Disruption of RAB-5 increases EFF-1 fusogen availability at the cell surface and promotes the regenerative axonal fusion capacity of the neuron.

Author information

1
Clem Jones Centre for Ageing Dementia Research, Queensland Brain Institute, The University of Queensland, Brisbane QLD 4072, Australia.
2
Clem Jones Centre for Ageing Dementia Research, Queensland Brain Institute, The University of Queensland, Brisbane QLD 4072, Australia. m.hilliard@uq.edu.au r.giordanosantini@uq.edu.au.
3
Neuroscience Program, Monash Biomedicine Discovery Institute and Department of Anatomy and Developmental Biology, Monash University, Melbourne, Victoria 3800, Australia.

Abstract

Following a transection injury to the axon, neurons from a number of species have the ability to undergo spontaneous repair via fusion of the two separated axonal fragments. In the nematode C. elegans, this highly efficient regenerative axonal fusion is mediated by Epithelial Fusion Failure-1 (EFF-1), a fusogenic protein that functions at the membrane to merge the two axonal fragments. Identifying modulators of axonal fusion and EFF-1 is an important step towards a better understanding of this repair process. Here, we present evidence that the small GTPase RAB-5 acts to inhibit axonal fusion, a function achieved via endocytosis of EFF-1 within the injured neuron. Consequently, we find that perturbing RAB-5 activity is sufficient to restore axonal fusion in mutant animals with decreased axonal fusion capacity. This is accompanied by enhanced membranous localization of EFF-1 and the production of extracellular EFF-1-containing vesicles. These findings identify RAB-5 as a novel regulator of axonal fusion in C. elegans hermaphrodites and the first regulator of EFF-1 in neurons.SIGNIFICANCE STATEMENTPeripheral and central nerve injuries cause life-long disabilities due to the fact that repair rarely leads to reinnervation of the target tissue.
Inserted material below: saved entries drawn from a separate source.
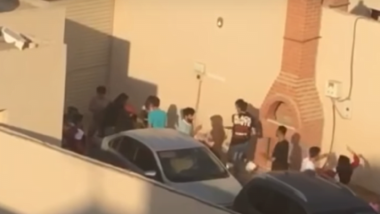 تداول ناشطون سعوديون في مواقع التواصل الاجتماعي مقطع فيديو يوثق مشاجرة جماعية في أحد الأحياء السكنية بالمملكة، فيما ألقت قوات الأمن القبض على شاب استأجر استراحة حصل فيها الحادث.
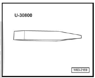 - Carefully remove the self-adhesive emblem from the upper grille of the bumper trim using the lever - U 30800- .
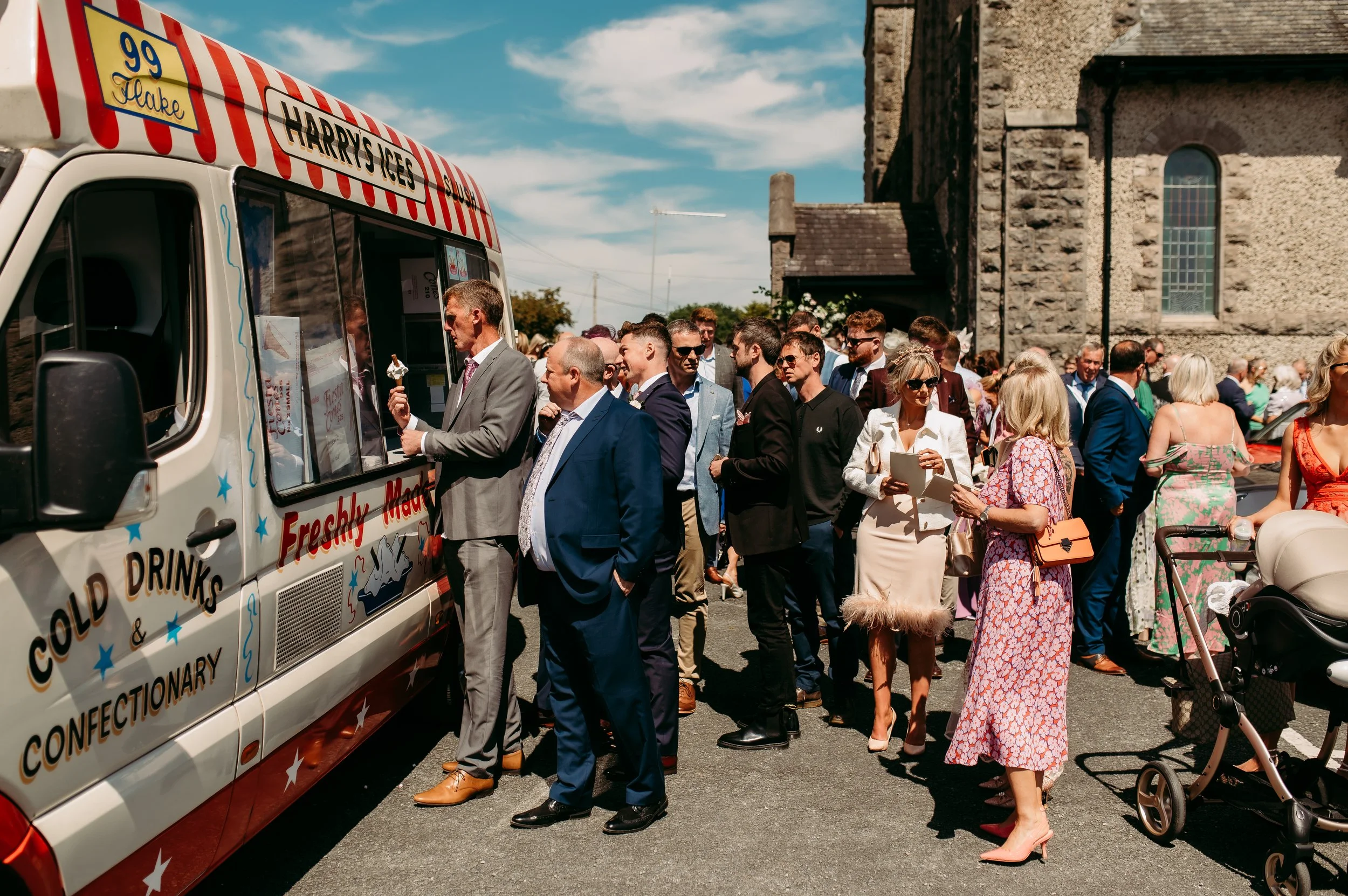 The couple exchanged vows in a beautiful church ceremony, surrounded by their nearest and dearest. After the ceremony, guests were treated to a delightful surprise; an ice cream truck waiting outside the church! With the sun shining brightly, everyone enjoyed cooling off with delicious frozen treats before making their way to The Old Rectory for the reception. It was one of those perfect summer days where time seemed to slow down, allowing everyone to truly soak in the joy of the occasion.
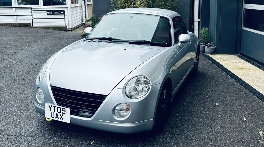 Our second demonstrator is this Daihatsu Copen. We acquired it in 2021 with 54,000 miles on it. At the time, the exterior and underbody were in poor condition, but the mechanical aspects were decent. We immediately began the restomod process, using a combination of stock replacement parts and components from well-known tuners. Our goal is to transform it into a street car by following the invaluable advice of several Copen tuners in Japan. The project is ongoing.
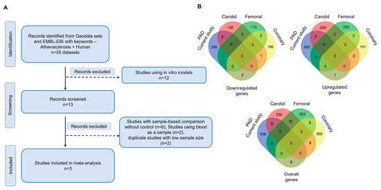 Meta-analysis across atherosclerosis studies: (A) Flowchart showing the methodology for the screening of available gene expression datasets using ‘atherosclerosis and human’ as keywords. A total of 4 datasets were used for meta-analysis after screening. (B) Venn diagram showing common and unique genes across this study (PAD_Current study), carotid artery atheroma (Carotid) (GSE43292), femoral artery disease (Femoral) (Tampere Vascular Study, 2017), and coronary artery disease (Coronary) (E-GEOD-40231). Venn diagrams were generated using bioinformatics.psb.ugent.be/webtools/Venn (accessed on 14 June 2024).
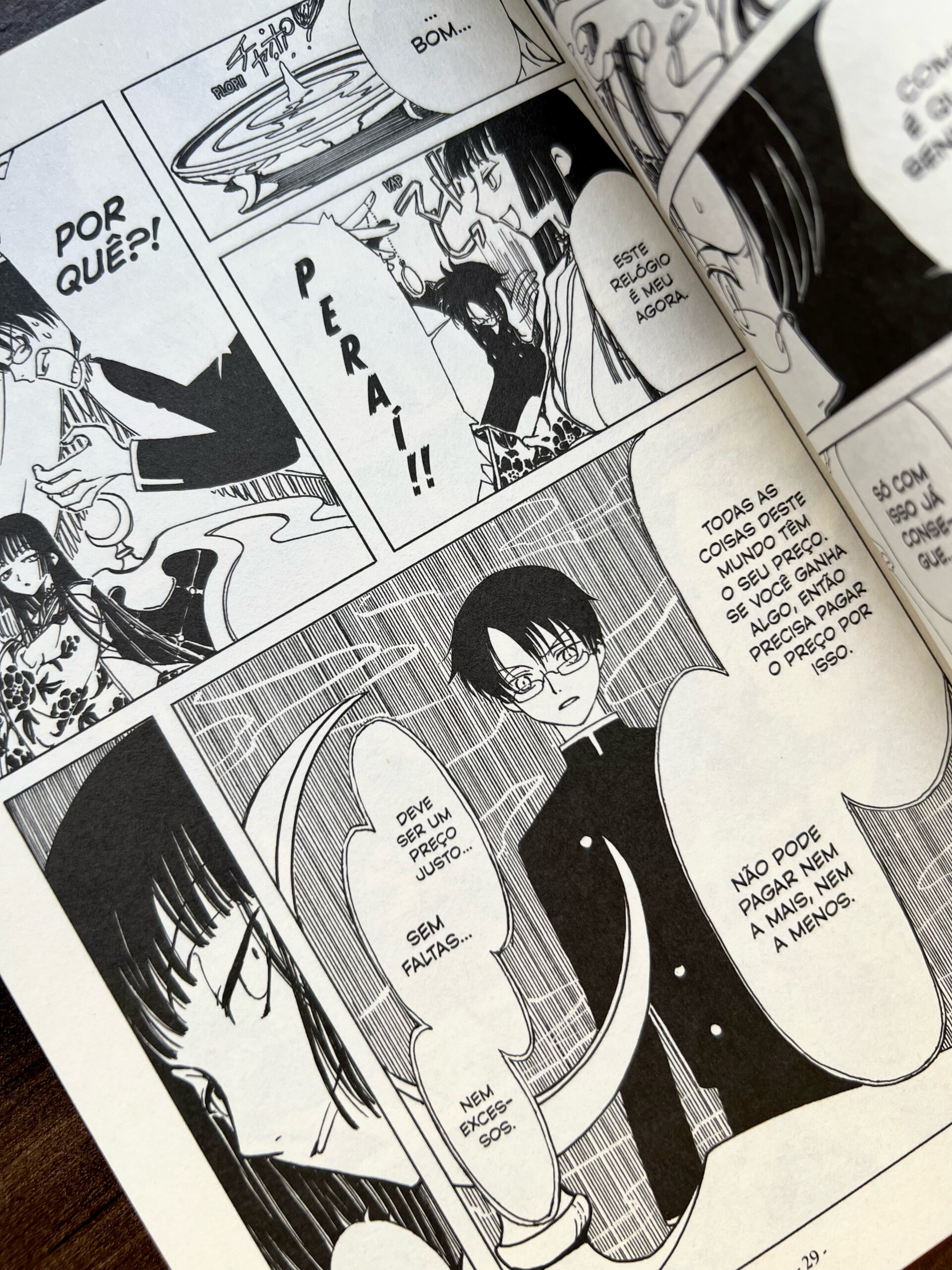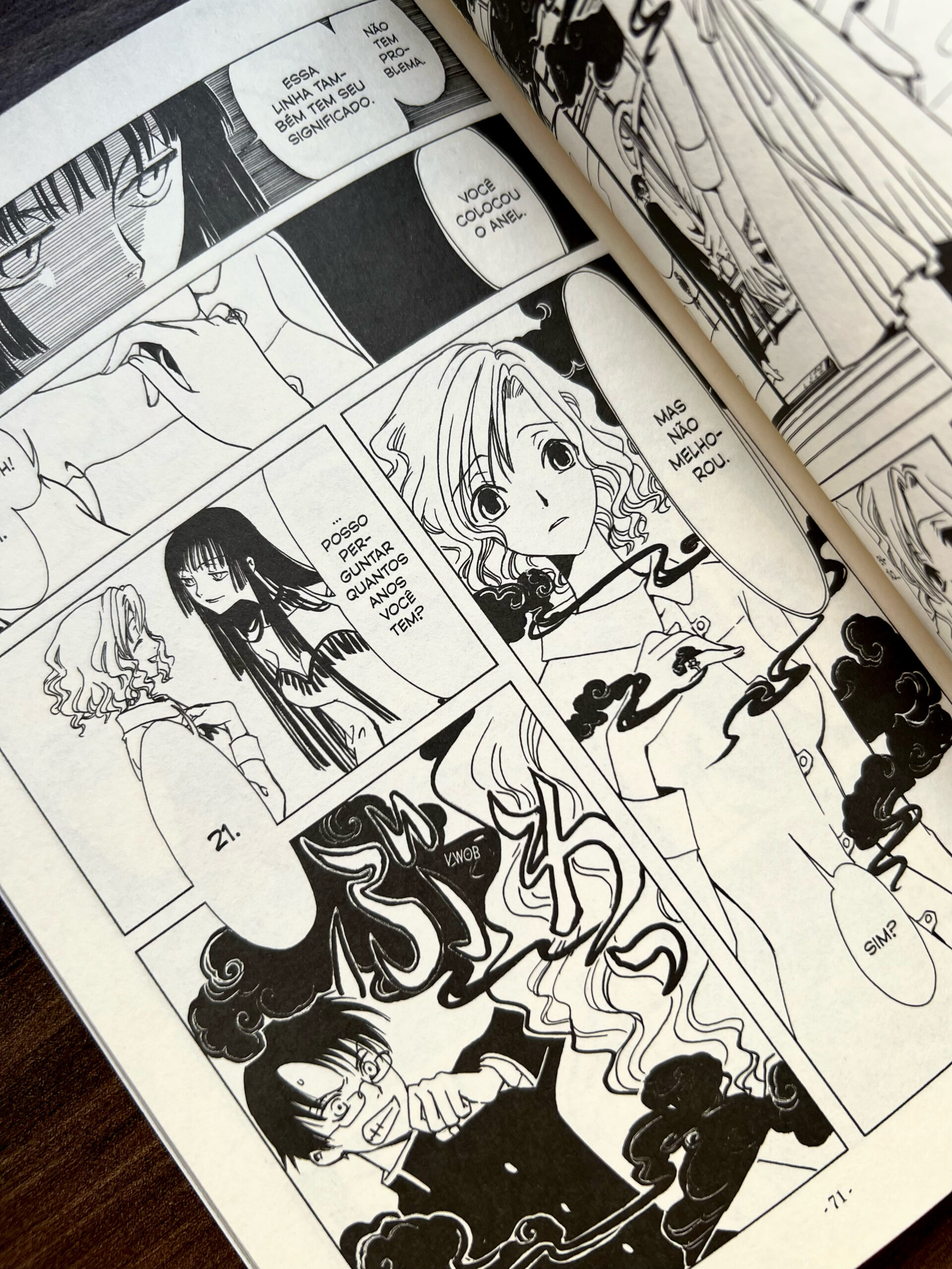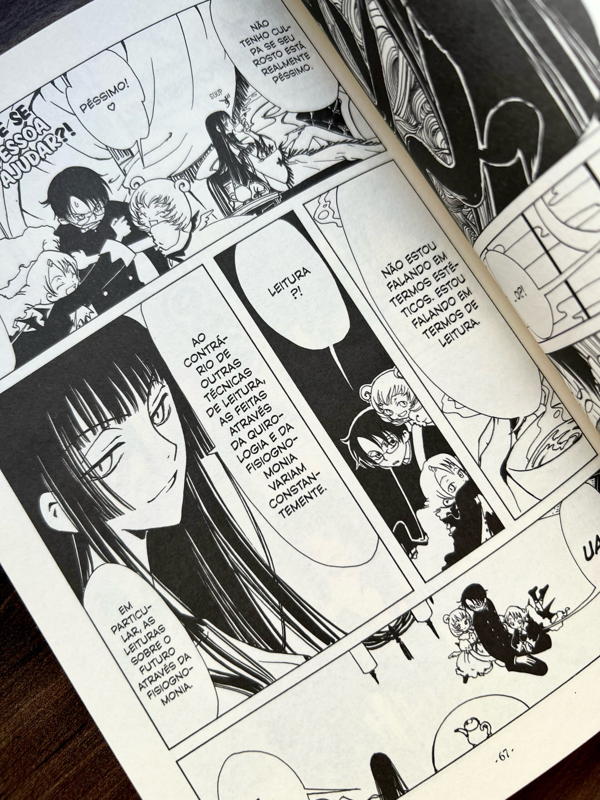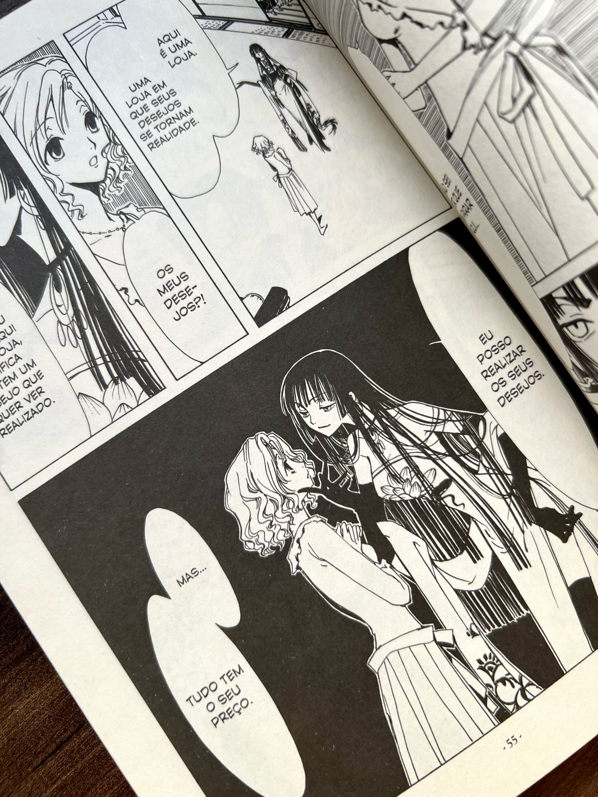 O primeiro volume de xxxHolic apresenta sua premissa de forma rápida e direta ao ponto. Em poucas páginas, somos introduzidos à trama principal, que fisga o leitor e desperta curiosidade imediata sobre seus desdobramentos. A narrativa também se destaca ao apresentar muito bem seus personagens, como o temperamental e impulsivo Watanuki e a misteriosa e sedutora Yuko, além dos assistentes Maru e Moro, criando uma dinâmica leve, divertida e envolvente.

In the nematode C. elegans, axonal regeneration can proceed through axonal fusion, whereby a regrowing axon reconnects and fuses with its own separated distal fragment, restoring the original axonal tract. We have characterized axonal fusion and established that the fusogen EFF-1 is a key element for fusing the two separated axonal fragments back together. Here, we show that the small GTPase RAB-5 is a key cell-intrinsic regulator of the fusogen EFF-1, and can in turn regulate axonal fusion. Our findings expand the possibility for this process to be controlled and exploited to facilitate axonal repair in medical applications.